▸ AIM OF THE TASK
Give the data again exactly as written, skipping any pictures.

▸ SOURCE DATA
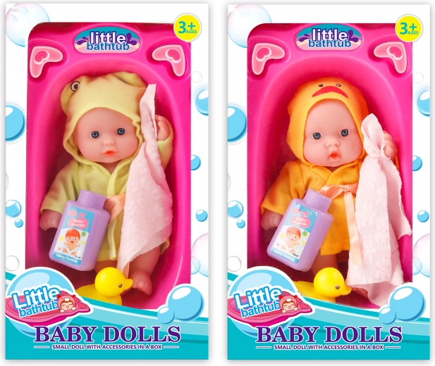 Ez a bájos készlet tartalmaz egy színes ruhás babát, amit megfürdethet a kádban. A csomag részét képezik variálható kiegészítők, melyekkel számos játéklehetőséget fedezhet fel, beleértve a béka és kacsa témákat.
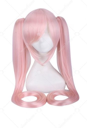 Vocaloid Sakura Miku Hatsune Pink Long Double Tail Cosplay Wig
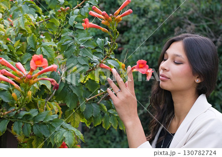 Young Indian woman with long dark hair standing near orange blossoms, gently raising her hand toward the flowers. A lifestyle and cultural beauty portrait
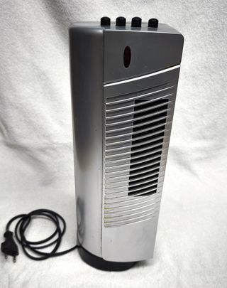 Ventilador de torre plateado con diseño moderno. - Rejilla frontal con lamas horizontales. - Varias velocidades. - Giro automático seleccionable. En buen estado. Únicamente entrega en mano

▸ RESULT OF THE EXERCISE
 Ez a bájos készlet tartalmaz egy színes ruhás babát, amit megfürdethet a kádban. A csomag részét képezik variálható kiegészítők, melyekkel számos játéklehetőséget fedezhet fel, beleértve a béka és kacsa témákat.
 Vocaloid Sakura Miku Hatsune Pink Long Double Tail Cosplay Wig
 Young Indian woman with long dark hair standing near orange blossoms, gently raising her hand toward the flowers. A lifestyle and cultural beauty portrait
 Ventilador de torre plateado con diseño moderno. - Rejilla frontal con lamas horizontales. - Varias velocidades. - Giro automático seleccionable. En buen estado. Únicamente entrega en mano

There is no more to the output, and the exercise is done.